-------- Record extracts
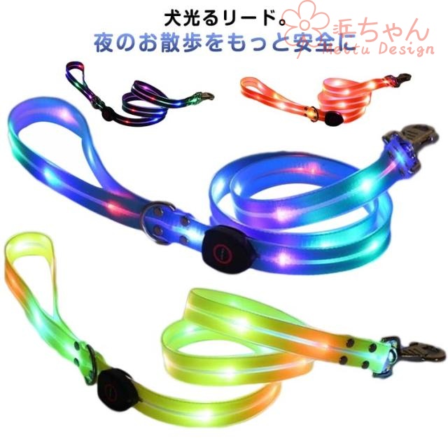 USB充電式 犬用 大型犬 小型犬 中型犬 防水 LEDリード 犬レインボー ペット用リード お散歩ひも 犬用品 お散歩グッズ ペット ドッグリード カラフルリード LEDライト 照明 犬リード 安全リード 夜お散歩 安全 光るリード ペット用品
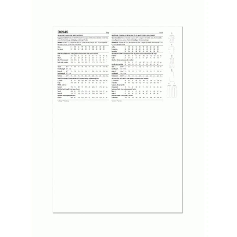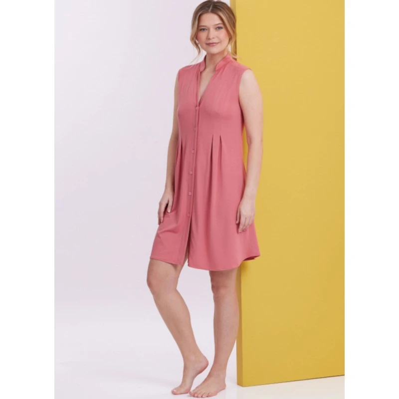 Misses’ Knit Lounge Top, Dress and Trousers Button front top or dress with split neckline, front released pleats, shaped hem and stitched hems. View A: short sleeves. View B: armhole is finished with purchased bias tape. Semi-fitted, straight leg trousers with elasticated waist. Sew Rating: Easy. Sizes
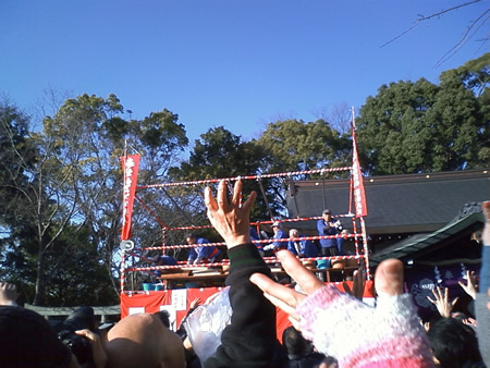 我先にと、福を頂こうと必死になってお餅に向かいました!
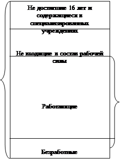 Определение уровня безработицы при полной занятости осложняется тем, что на практике трудно установить фактический уровень безработицы. Как правило, все население делится на три большие группы (см. рис. 1): первая группа включает в себя тех, кто содержится в специализированных учреждениях, например в психиатрических больницах или в исправительных заведениях. Эта категория людей не рассматривается в качестве потенциального компонента рабочей силы; вторая группа, которая называется "не входящие в состав рабочей силы", составляют взрослые, потенциально имеющие возможность работать, но по тем или иным причинам- надомная занятость, учеба, выход на пенсию- не работающие и не ищущие работу; третья группа- это собственно рабочая сила, численность которой составляет в среднем 50% всего населения. Эта категория охватывает всех тех, кто способен и готов работать. Считается, что в состав рабочей силы входят как работающие (занятые), так и безработные, но активно ищущие работу.
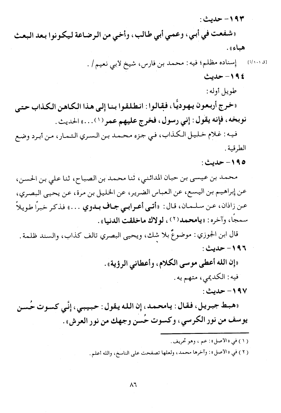 196 - حَدِيث: " إِن الله أعْطى مُوسَى الْكَلَام، وَأَعْطَانِي الرُّؤْيَة ". فِيهِ: الْكُدَيْمِي، مُتَّهم بِهِ.
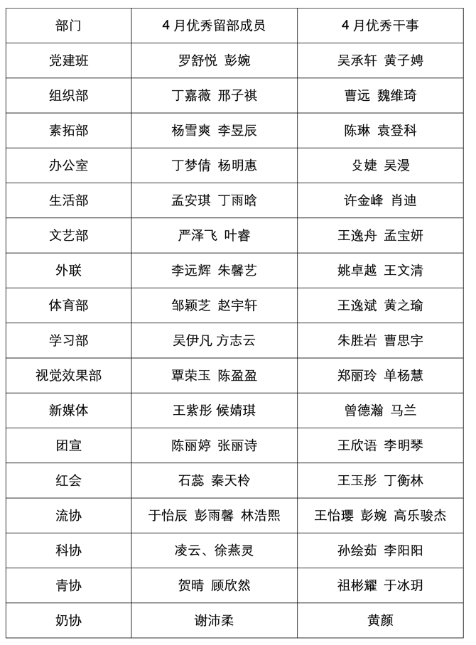 【学生工作】第38届党建班、团委学生会各部门4月优秀副部、干事名单公示
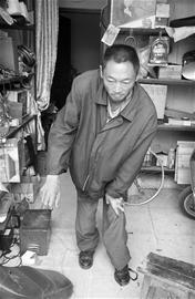 文家场文康路110号,李义红在这里开修车铺已有4年了。不足20平米的小店,被隔成前后两段:临街一段修车;后半段则是他和儿子李波的日常起居之所。
----------------
What the task asks
Copy exactly the lines from the one containing "الْكُدَيْمِي، مُتَّهم بِهِ." through the last line of the records above, including both, and omit every picture.

Final answer
 196 - حَدِيث: " إِن الله أعْطى مُوسَى الْكَلَام، وَأَعْطَانِي الرُّؤْيَة ". فِيهِ: الْكُدَيْمِي، مُتَّهم بِهِ.
 【学生工作】第38届党建班、团委学生会各部门4月优秀副部、干事名单公示
 文家场文康路110号,李义红在这里开修车铺已有4年了。不足20平米的小店,被隔成前后两段:临街一段修车;后半段则是他和儿子李波的日常起居之所。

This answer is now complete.